Из мотора «форда» валил дым. Дверь медленно открылась, и она шатко вышла, отходя в сторону.
— Марианна! — крикнул он.
И в этот миг раздался выстрел. Она медленно повернулась к стрелявшему и упала. Мартиниш поднялся, озираясь, увидел бегущего Фролова и выстрелил в него, но промахнулся. Хромая, он поспешил к воде, крича рыбакам:
— Сеньоры! Сеньоры!
Фролов поднял Марианну на руки, унося ее подальше от горящей машины.

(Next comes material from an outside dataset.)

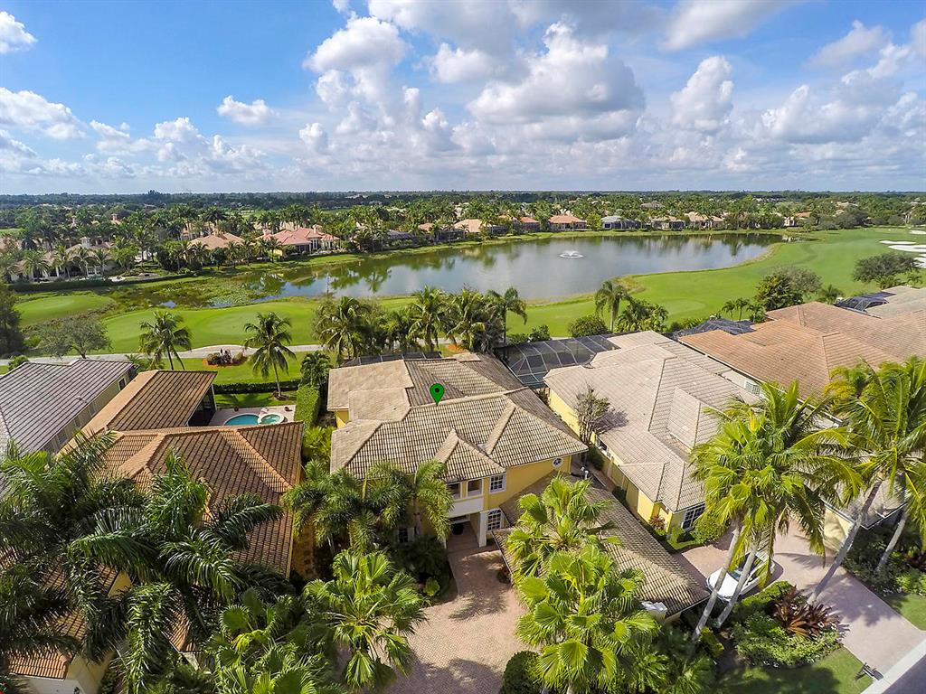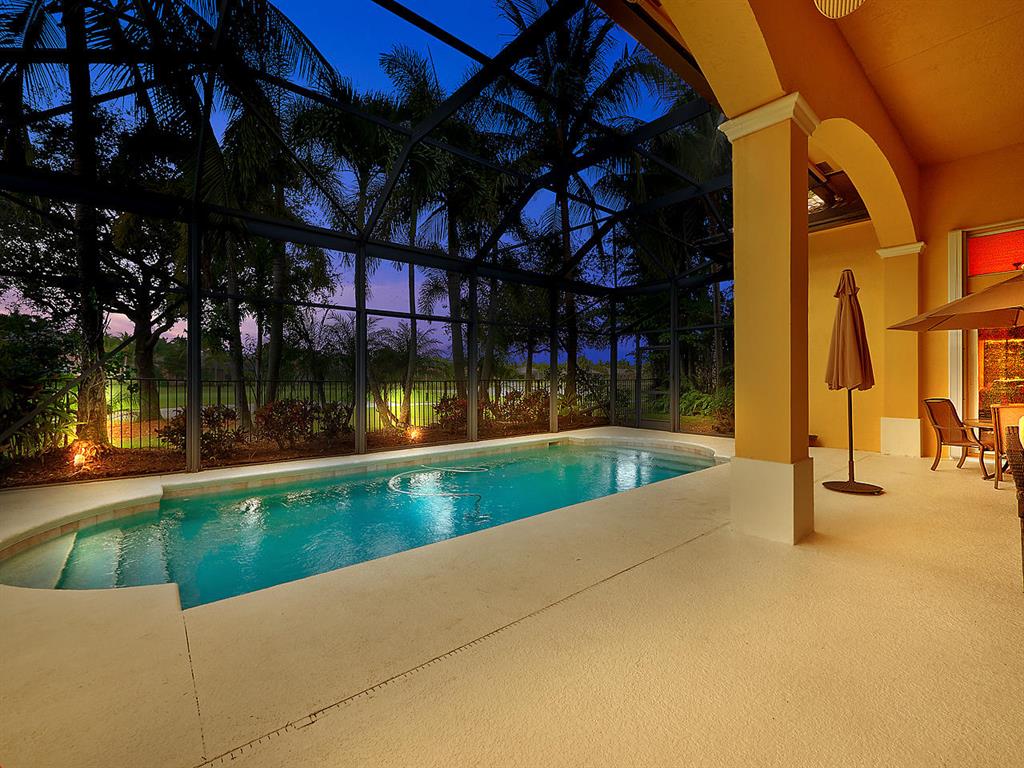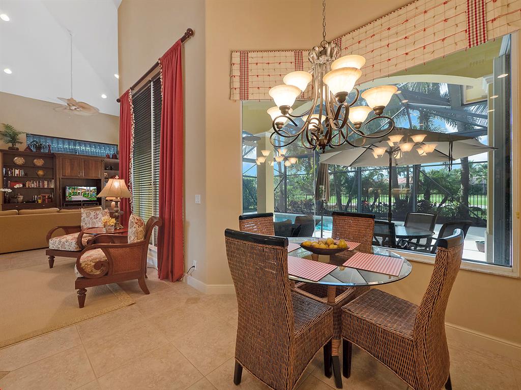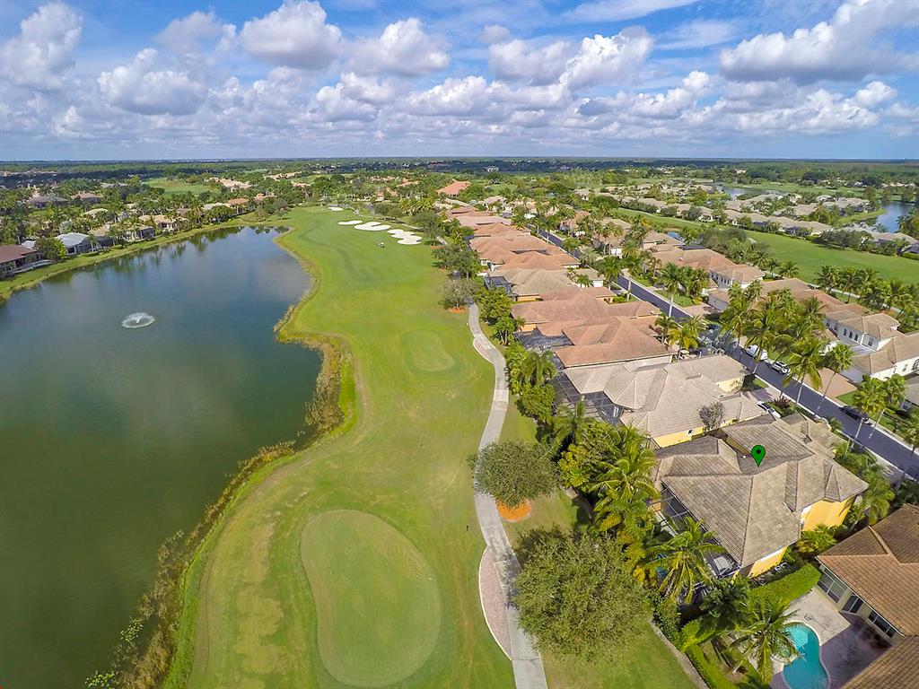 Enter this gorgeous home through double French Doors and enjoy the gorgeous view! Located on Tradition #16 followed by water and million dollar homes! The formal living and dining rooms offer crown molding, ceiling fan and a bay window. Tile floors with tumbled stone inserts everywhere except bedrooms. The 5th bedroom is used as a den. With soaring ceilings through the center of the home & Family Room the feeling of spaciousness abounds! The Family Room includes a ceiling fan & triple sliders to the pool. Off the Family Room is the Kitchen with granite counters, Double Ovens, 3 Door Stainless Refrigerator, 4 burner gas cooktop, microwave, pantry, breakfast bar, breakfast nook and desk area. Enter the Owner's Suite through Double Doors and note the decorative Niche.

— Я умираю, Саша, — прошептала она.
— Машенька, ты будешь жить.
— Я так устала, будто мне сто лет. Он зовет меня, Мануэл…
Она едва произносила слова, причем по-французски, но он понимал.
— Все будет хорошо, Машенька, потерпи, — утешал он, не замечая того, что говорит по-русски. — Потерпи немножко.
Он бережно опустил ее на землю. Сбросил пиджак, подложил ей под голову. Она была во всем послушна, устало прикрыв глаза. Неземное успокоение уже коснулось ее бледного прекрасного лица. Но он этого не заметил. Он торопился. Его страшило, что Жозе да Силва, или Фернандо Мартиниш, опять уйдет от расплаты.
Фролов пригнувшись, крадучись пересек набережную. Он сразу увидел того у самой воды, зовущего лодочников. «Сеньоры! Сеньоры!» — несся его отчаянный вопль.
Фролов побежал к лестнице, спускающейся на пляж. «Форд» уже горел. Он не думал, что машина может взорваться. У него в мыслях лишь было то, как открыть багажник «мерседеса» и вооружиться. «Квадратный» лежал со страшно выпученными глазами и вывалившимся языком. В этот миг Фролов услышал сирену. Он увидел армейскую машину, из которой выскакивали солдаты.
Фролов поднялся по лестнице на набережную.
Марианна лежала неподвижно, такая же, какой он ее оставил.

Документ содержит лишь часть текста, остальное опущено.